Tuna Relay – F3LKN Run 4 Beaches


"Let he who completes the fastest mile write the backblast."      Malak 20:22

(Stray put virtual ink to the virtual quill and said quill to the virtual paper)

Captain Tantrum put together a team for Tuna.  Was his aim to win?  Was his aim comraderie?  Was his aim to get a t-shirt?  Maybe it was all three.  A leader's gonna lead.  And a team is gonna team.  And this team throatpunched the gps watch, took it's lunch money and made it say "Matay" en route to a podium finish.  Here is what you are allowed to know about it.  All other details, stories, tales, and epic dramas are available upon request from "the 12" at coffeeteria.

12 of IsoLaKNtope's fastest assembled in the gloom of Lake Benson park in the town of Garner the birthplace of local political firebrand Gambini and the town that produced Isotope's most smoking hot M.

0629 Friday:  Stray looking at the flag – "Hey why are we at half mast".   That one got the #twss and other mind-in-the-gutter talk going that went downhill just like the course.

0632 Friday:  Gambini gets us started.

1113 Saturday: Vandalay crosses the line with team in tow.

Malak Moleskin …. and other potent quotables:

  • We had an aggressive pace plan and beat it by an hour.  Goal was 30 hours and we were sub 29.  We did it with steady, strong, confident running from Van 1 that carried the deficiencies of Van 2.
  • Vandalay ended with a strong run and crossed the line 20 seconds behind the first team.  That team however started 45 minutes before us. And if the starting official would have let us go at 0630 instead of holding for 2 minutes we indeed would have been the first team across the line.
  • Things were said in the van that will not be recorded here, in order to keep Gambini's internet profile clean for future elections.
  • If you tip well enough at a Waffle House, the waitress will spill a drink all over a table of your choosing.
  • Hotbox's twitter game is top shelf.  He is in the 99th percentile with GIF usage.  But his live tweeting of leg 14 was epic.  "I've got two in front of me, permission to kill?"   When you can run 7 miles at 8 minute pace while tweeting, you are a dude
  • Hippie converted from Catholicism to become Methodist at the pancake breakfast and is now officially on the prayer chain of the Snow Hill United Methodist Church Senior Saints Sunday school class.
  • Stray is to Turnpike as Turnpike is to Jenny.    Chew on that a minute and if you need help figuring it out then ask for it.
  • No vans were harmed during the running of this event
  • The official scale for drinks when you go out on a bender is from 0 to Tantrum.  For example, why wasn't BEP down for breakfast.  Well on a scale of 0 to Tantrum he was a 14.
  • Jaws is getting enshrined in the Playlist Music Hall of Fame.  A 29 hour 200 mile relay is a whirling dervish of emotions.  You want the perfect selection for just the right moment of the relay…..Jaws is your man.

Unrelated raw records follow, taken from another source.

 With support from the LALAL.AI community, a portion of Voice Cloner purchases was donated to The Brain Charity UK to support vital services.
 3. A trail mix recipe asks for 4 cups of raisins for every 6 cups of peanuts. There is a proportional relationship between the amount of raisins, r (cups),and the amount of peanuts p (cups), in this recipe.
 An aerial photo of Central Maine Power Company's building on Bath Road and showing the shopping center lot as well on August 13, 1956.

    • If you have spent 24 hours in a van with some dudes, feeling all emotional at the strengthened relationships and bonding, and just want to open up and be vulnerable, but don't quite know the right song to fit…… Gambini is your guy and Dirty Dancing is your jam.

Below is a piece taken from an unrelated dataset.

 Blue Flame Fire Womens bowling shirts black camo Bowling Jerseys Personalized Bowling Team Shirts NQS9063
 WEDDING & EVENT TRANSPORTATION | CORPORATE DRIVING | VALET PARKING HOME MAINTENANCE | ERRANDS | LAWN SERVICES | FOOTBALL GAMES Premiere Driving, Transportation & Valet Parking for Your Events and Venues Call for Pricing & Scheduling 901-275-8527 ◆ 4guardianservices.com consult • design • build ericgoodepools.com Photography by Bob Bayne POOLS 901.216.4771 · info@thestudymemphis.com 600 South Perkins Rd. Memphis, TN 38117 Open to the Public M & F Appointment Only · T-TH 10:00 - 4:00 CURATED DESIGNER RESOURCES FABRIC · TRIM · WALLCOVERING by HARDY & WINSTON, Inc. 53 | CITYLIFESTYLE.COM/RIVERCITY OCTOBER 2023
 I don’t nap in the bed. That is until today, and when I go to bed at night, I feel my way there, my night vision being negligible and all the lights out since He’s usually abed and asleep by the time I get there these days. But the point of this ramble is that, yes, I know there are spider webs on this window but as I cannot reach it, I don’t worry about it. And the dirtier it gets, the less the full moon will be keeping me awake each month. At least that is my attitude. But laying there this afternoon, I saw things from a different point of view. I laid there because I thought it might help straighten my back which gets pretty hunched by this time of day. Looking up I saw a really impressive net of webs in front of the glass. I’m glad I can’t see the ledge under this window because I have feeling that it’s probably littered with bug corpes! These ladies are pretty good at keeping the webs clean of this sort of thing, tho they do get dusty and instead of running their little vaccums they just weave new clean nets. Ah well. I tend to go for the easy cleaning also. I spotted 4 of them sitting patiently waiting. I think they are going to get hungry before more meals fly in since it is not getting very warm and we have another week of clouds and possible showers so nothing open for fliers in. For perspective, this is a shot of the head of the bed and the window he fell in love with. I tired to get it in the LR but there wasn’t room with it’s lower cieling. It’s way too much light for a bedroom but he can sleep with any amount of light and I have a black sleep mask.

  • What I learned from Leg 18:  

    • if you program your route on your watch, turn the damn navigation on.  If the previous three runners carry a phone, you probably should too.
    • expect the worst.  That way the random red light going off into a field isn't a runner taking a piss or a van changing runners on you, but you would see it for the vigilante sign stealing rif raff that it was.
    • karma is a bitch…….if you were that hooligan as a kid, then karma will have this generation's hooligan pay it back on you.  Suck it up and tip your hat (but still throw up a middle finger).
    • When you are in need, God will put a redneck with a truck in your path.  So be a redneck.  Look, many people will help you out.  But a good backwoods redneck with a truck will help you out and leave you better off than he found you.  

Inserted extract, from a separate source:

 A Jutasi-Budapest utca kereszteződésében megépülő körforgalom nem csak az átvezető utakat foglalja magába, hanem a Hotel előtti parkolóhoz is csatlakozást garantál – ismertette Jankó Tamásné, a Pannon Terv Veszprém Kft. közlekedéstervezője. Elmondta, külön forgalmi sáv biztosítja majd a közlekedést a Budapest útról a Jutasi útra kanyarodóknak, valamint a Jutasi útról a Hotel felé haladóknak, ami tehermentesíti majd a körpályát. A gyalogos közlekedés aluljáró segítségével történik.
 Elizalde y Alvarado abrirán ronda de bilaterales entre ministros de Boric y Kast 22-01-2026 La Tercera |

  • Thoughts and Prayers to More Tuna More Sushi.  They just couldn't hang with us.  Found out they didn't even cross before 4pm.  They were the epitome of the Jaws Postulate:  you can run one leg, show me two, but show me three.
  • It was the best of times, it was the whatevs of times.  On a scale of 0 to Tantrum it was epic.
  • With that said, Gambini and Stray enter Relay retirement.  Going out on top as champions.  (Or so we say for now…….who knows, we may Tom Brady this thing).